- Exercise prompt: Pictures stay out of the copy. Transcribe exactly, and only, the line with "Обробіть кіготь кровоспинним" through the last line of the entries below.

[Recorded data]
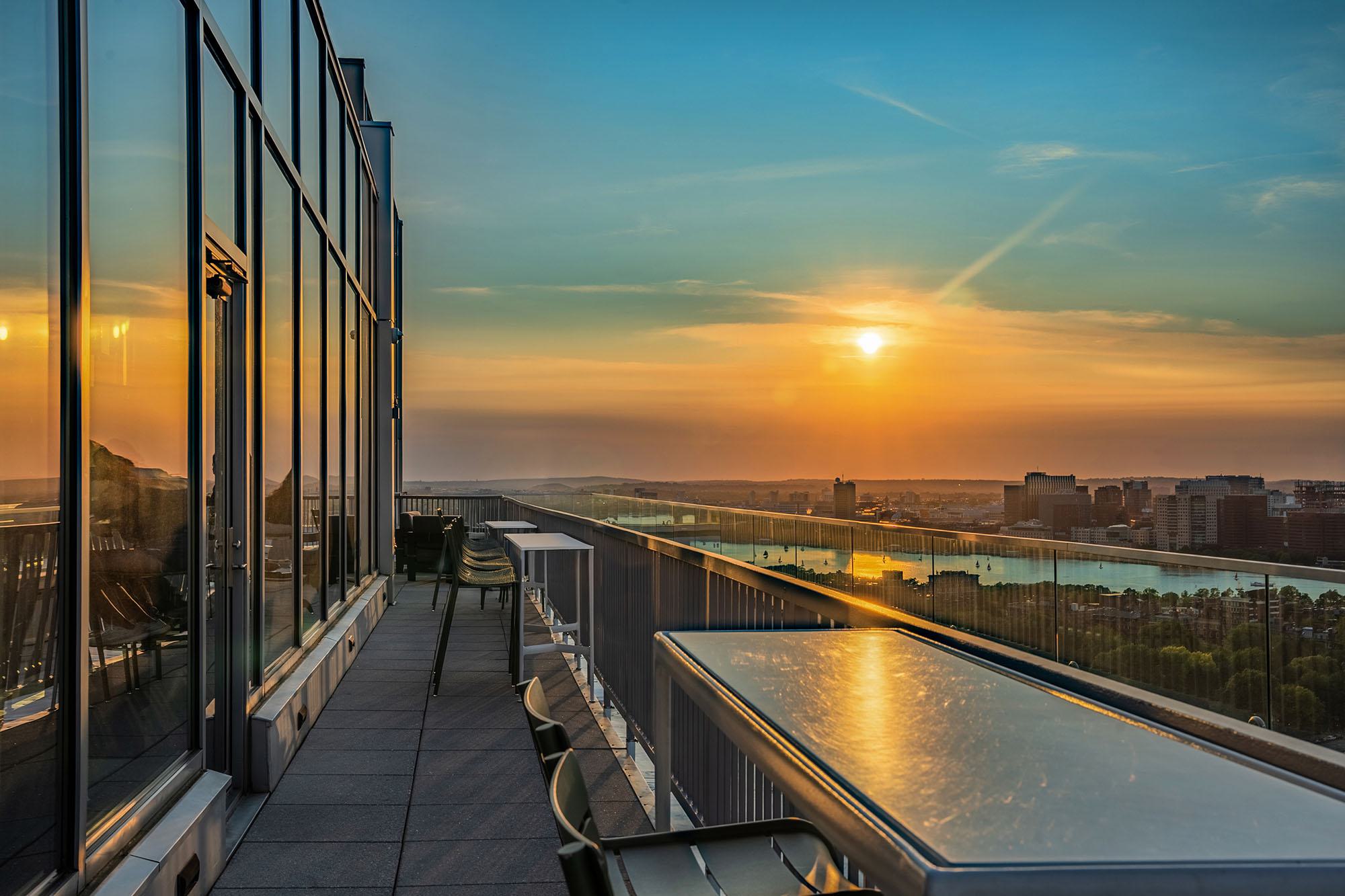 Rooftop views where downtown city lights meet the Charles River
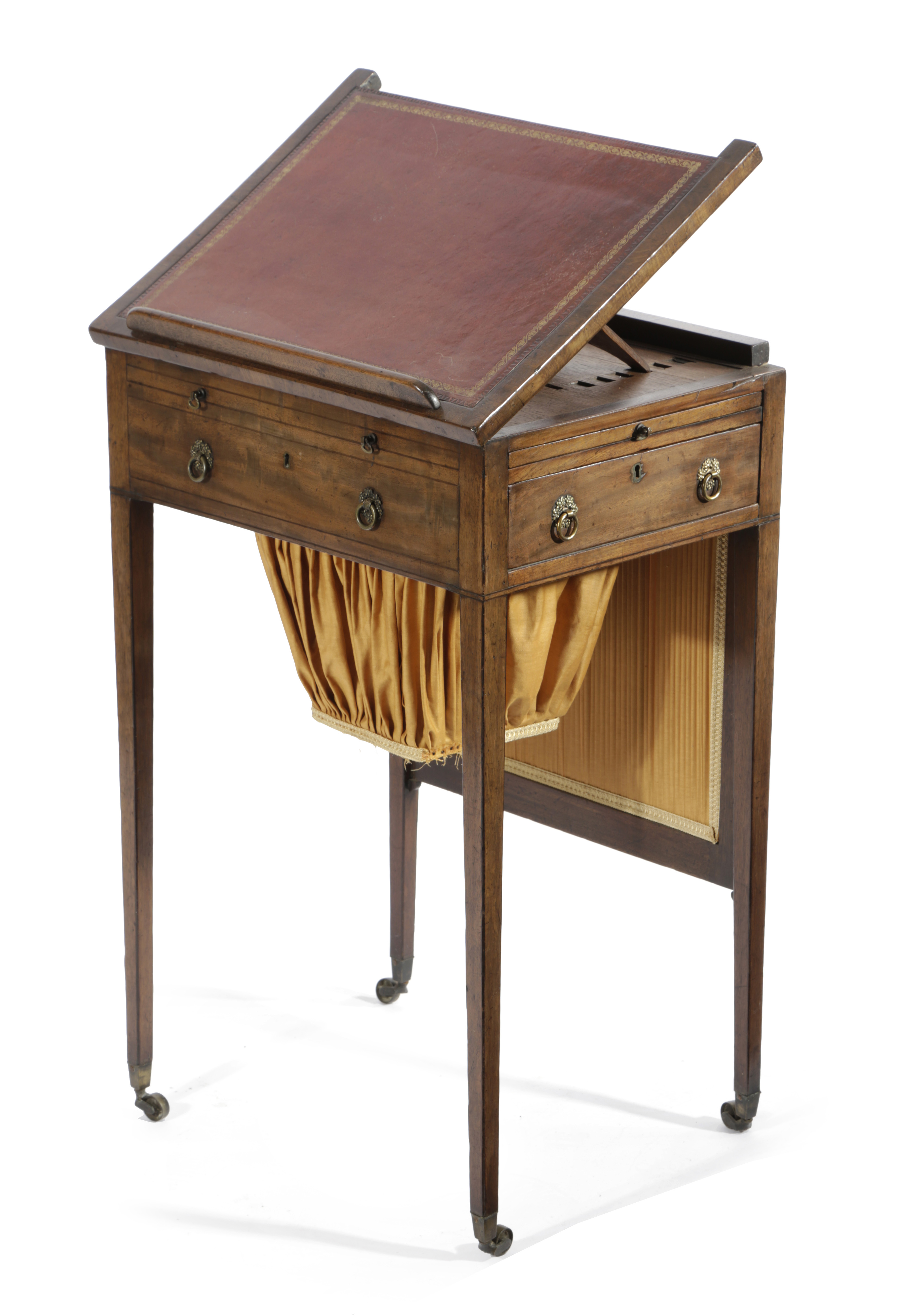 the hinged top on a ratchet with a later red leather surface and a rest, with a rising pleated silk screen, with slides to each side, a frieze drawer and a work bag, on brass castors
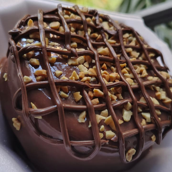 Deliciosa massa de chocolate com cobertura de chocolate 50%, amendoim granulado e Nutella. OBS: A decoração pode haver variações.
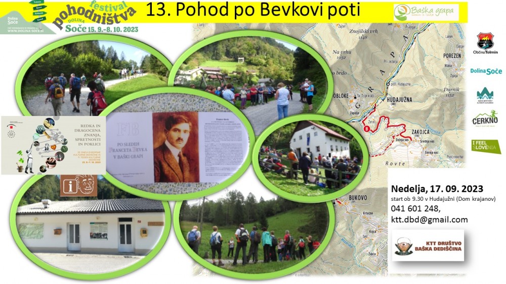 KTT Društvo Baška dediščina letos že TRINAJSTIČ sodeluje pri organizaciji pohoda po Bevkovi poti, ki poteka v okviru vsakoletnih Bevkovih dnevov (soorganizatorji: Zavod za turizem Cerkno, Muzej Cerkno, PD Cerkno, TD pod Kojco, Turistična kmetija pri Flandru). Pohodniki se zberemo ob info točki ob domu krajanov v Hudajužni, kjer se nahaja zemljevid Baške grape in info tabla o Francetu Bevku. V kratkem uvodu predstavimo Baško grapo in info točko v Hudajužni. Na poti proti Zakojci vsako leto beremo odlomke Bevkovih del. Pohod traja urico in pol. Ob prihodu na Bevkovo domačijo, kjer se srečajo pohodniki iz obeh strani, sledi kulturni program. Letos bomo prisluhnili besedi slavnostnega govornika pisatelja Davorina Lenka in ženskemu pevskemu zboru Tice. Po brezplačnem ogledu Bevkove domačije, kjer pripravijo pogostitev člani TD pod Kojco, dan nadaljujejo na Turistični kmetiji pri Flandru, kjer okusijo Bevkovo kosilo. Pohodniki bodo prejeli informacijski list in skozi branje Bevkove besede srečali z literarnimi junaki in njihovimi zgodbami. Tako kot vsako leto bo vsebina informacijskega lista vsebovala odlomke Bevkovih del, ki so povezani s temo Dnevov evropske kulturne dediščine: redka in dragocena znanja, spretnosti in poklici. Prireditev je edinstvena priložnost za povezovanje različnih inštitucij ter ponudnikov, ki delujejo na področju kulturno literarnega turizma.
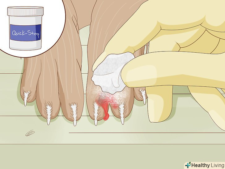 Обробіть кіготь кровоспинним засобом. якщо кіготь був вирваний цілком, вам потрібно показати кролика лікаря, але якщо він просто був зламаний або обрізаний занадто коротко, з цим можна впоратися в домашніх умовах. Нанесіть кровоспинний засіб (можливо, буде потрібно зробити це кілька разів) і час від часу перевіряйте стан рани.
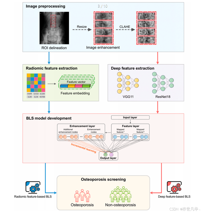 宽度学习系统(BLS)的一个显著优点是其简洁的平面结构,这使得特征表示和数据分类变得简单。与其他具有复杂架构的机器学习算法不同,BLS的设计简洁,便于特征表示的学习和数据分类。这种结构也使得模型能在大数据集上高效运行,而不需要大量的计算资源。BLS模型的另一个优点是其权重是通过解析计算确定的,从而降低了过拟合的风险。对于基于纹理特征(RF)的BLS模型,它产生的结果比基于深度卷积特征(DF)的BLS模型更容易解释。这是因为RF与BMD高度相关,这使得理解输入特征与输出之间的关系变得更容易,例如,DF可以解释高级语义信息,这对某些类型的数据可能是有益的。但是,在这种情况下,基于BSF的模型的性能会比基于任务的RF更好,RLS的性能会更好。
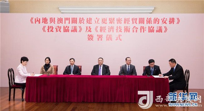 2017年12月18日拍攝的商務部與澳門特區(qū)政府《內(nèi)地與澳門關(guān)于建立更緊密經(jīng)貿(mào)關(guān)系的安排》(CEPA)下的《投資協(xié)議》和《經(jīng)濟技術(shù)合作協(xié)議》簽約儀式現(xiàn)場。新華社記者張金加攝
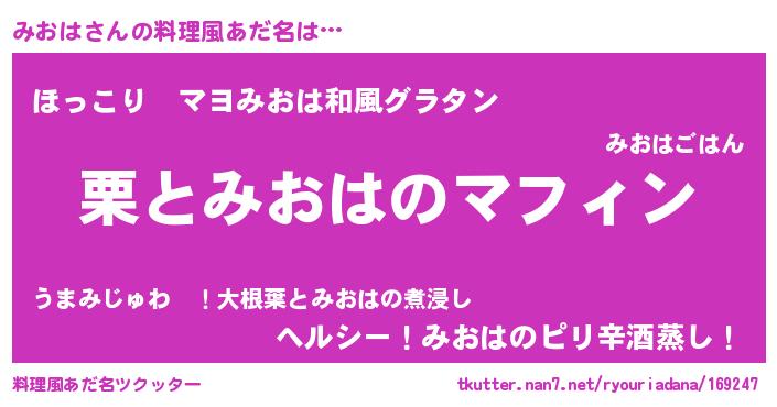 | ヘコむあだ名 | 『牛乳』『みおっふぃ~』『みおっ子』 |
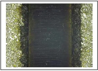我們發現,先進行表麵織構並使金屬表麵變暗,然後用1.9 μm光纖激光器的熱量能夠顯著改善聚合物與金屬的焊接強度。更長的波長可以直接對聚合物及從聚合物到金屬表麵傳輸熱量。聚合物的直接導熱與深色結狀金屬表麵結合提供了理想的焊接條件。我們進行了聚合物與鈦的焊接,密封性好,焊接強度高,在受到剪切力時才在聚合物層失效。

- Output:
 Обробіть кіготь кровоспинним засобом. якщо кіготь був вирваний цілком, вам потрібно показати кролика лікаря, але якщо він просто був зламаний або обрізаний занадто коротко, з цим можна впоратися в домашніх умовах. Нанесіть кровоспинний засіб (можливо, буде потрібно зробити це кілька разів) і час від часу перевіряйте стан рани.
 宽度学习系统(BLS)的一个显著优点是其简洁的平面结构,这使得特征表示和数据分类变得简单。与其他具有复杂架构的机器学习算法不同,BLS的设计简洁,便于特征表示的学习和数据分类。这种结构也使得模型能在大数据集上高效运行,而不需要大量的计算资源。BLS模型的另一个优点是其权重是通过解析计算确定的,从而降低了过拟合的风险。对于基于纹理特征(RF)的BLS模型,它产生的结果比基于深度卷积特征(DF)的BLS模型更容易解释。这是因为RF与BMD高度相关,这使得理解输入特征与输出之间的关系变得更容易,例如,DF可以解释高级语义信息,这对某些类型的数据可能是有益的。但是,在这种情况下,基于BSF的模型的性能会比基于任务的RF更好,RLS的性能会更好。
 2017年12月18日拍攝的商務部與澳門特區(qū)政府《內(nèi)地與澳門關(guān)于建立更緊密經(jīng)貿(mào)關(guān)系的安排》(CEPA)下的《投資協(xié)議》和《經(jīng)濟技術(shù)合作協(xié)議》簽約儀式現(xiàn)場。新華社記者張金加攝
 | ヘコむあだ名 | 『牛乳』『みおっふぃ~』『みおっ子』 |
我們發現,先進行表麵織構並使金屬表麵變暗,然後用1.9 μm光纖激光器的熱量能夠顯著改善聚合物與金屬的焊接強度。更長的波長可以直接對聚合物及從聚合物到金屬表麵傳輸熱量。聚合物的直接導熱與深色結狀金屬表麵結合提供了理想的焊接條件。我們進行了聚合物與鈦的焊接,密封性好,焊接強度高,在受到剪切力時才在聚合物層失效。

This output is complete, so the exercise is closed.